47. However, there are no cases actually explaining the "right to obtain happiness". In

Richardson v. Carnegie Library Restaurant, 107 N.M. 688, 763 P.2d 1153 (1988), the New

Mexico Supreme Court recognized that because the right to obtain happiness is in the Bill of

Rights, it is a fundamental right and legislative infringements are subject to the strict scrutiny"
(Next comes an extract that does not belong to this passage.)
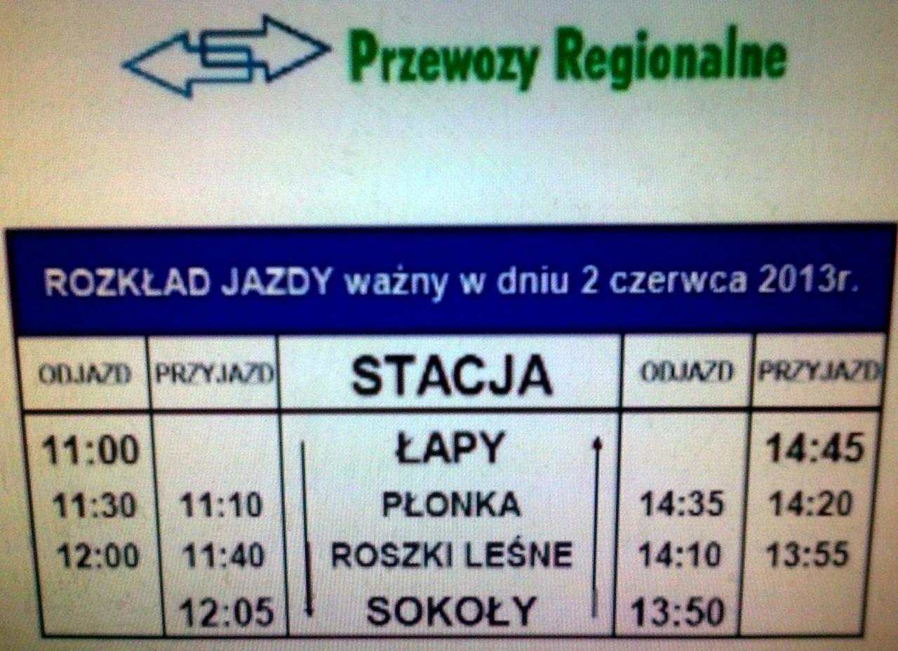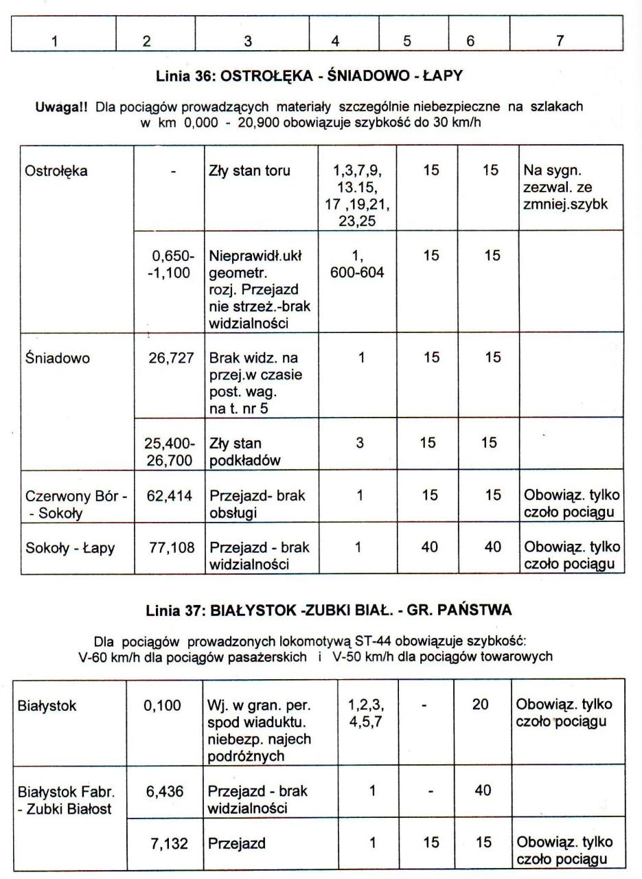 Tabela z Wykazu Ostrzeżeń Stałych na rok 2000 obowiązująca czasu, kiedy zawieszono przewozy na odcinku Śniadowo-Łapy. 62,414 to przejazd przez drogę powiatową nr 2052B przy p.o. Kulesze Kościelne, natomiast 77,108 to przejazd przez drogę wojewódzką nr 678 za stacją Sokoły.

test. Unfortunately, Richardson does not define the "right to obtain happiness". However, an

Attorney General's opinion interprets the right to obtain happiness. "This section means that

each person may seek his safety and happiness in any way he sees fit so long as he does not

unreasonably interfere with the safety and happiness of another". 1966 Op. Att'y Gen. No. 66-

15. On this basis, the A.G. argued that a city ordinance requiring motorcycle helmets was invalid

because an individual's choice to ride without a helmet does not interfere with the safety of

others, only with his own safety. The A.G. wrote that the city could regulate the wearing of

helmets by juveniles under it's power of parens patriae but was constitutionally barred from

interfering with adult choices.

48. Petitioner maintains that his use of marijuana for medical and religious purposes does not

interfere with the safety of others, and that the marijuana laws interfere with his right to seek and

obtain happiness. There is no reasonably conceivable state of facts to justify the total

prohibition of marijuana.

Relief Sought
For all of the foregoing reasons, petitioner asks this court to find placement of marijuana in

Schedule I of the Controlled Substances Act, and the prohibition of marijuana for religious

purposes, Unconstitutional. Petitioner requests that this court issue a Writ of Mandamus to the

Board of Pharmacy ordering them to conduct a review of the scientific evidence concerning

marijuana and place marijuana into an appropriate Schedule of the CSA, no higher than

Schedule III. Petitioner further requests that the cultivation and possession of marijuana for

medical and religious use be exempted from criminal sanctions under the CSA. Petitioner

requests that the Attorney General prohibit law enforcement officers from arresting or harassing

medical and religious marijuana users or from seizing marijuana from individuals who obtain,

possess, use, or cultivate marijuana for their own personal medical or religious use. Petitioner

further requests that the Attorney General be ordered to challenge Unconstitutional provisions of

the federal CSA. Finally, petitioner requests that this court grant him reasonable fees, costs, and

such other and further relief as may appear just and appropriate in the premises.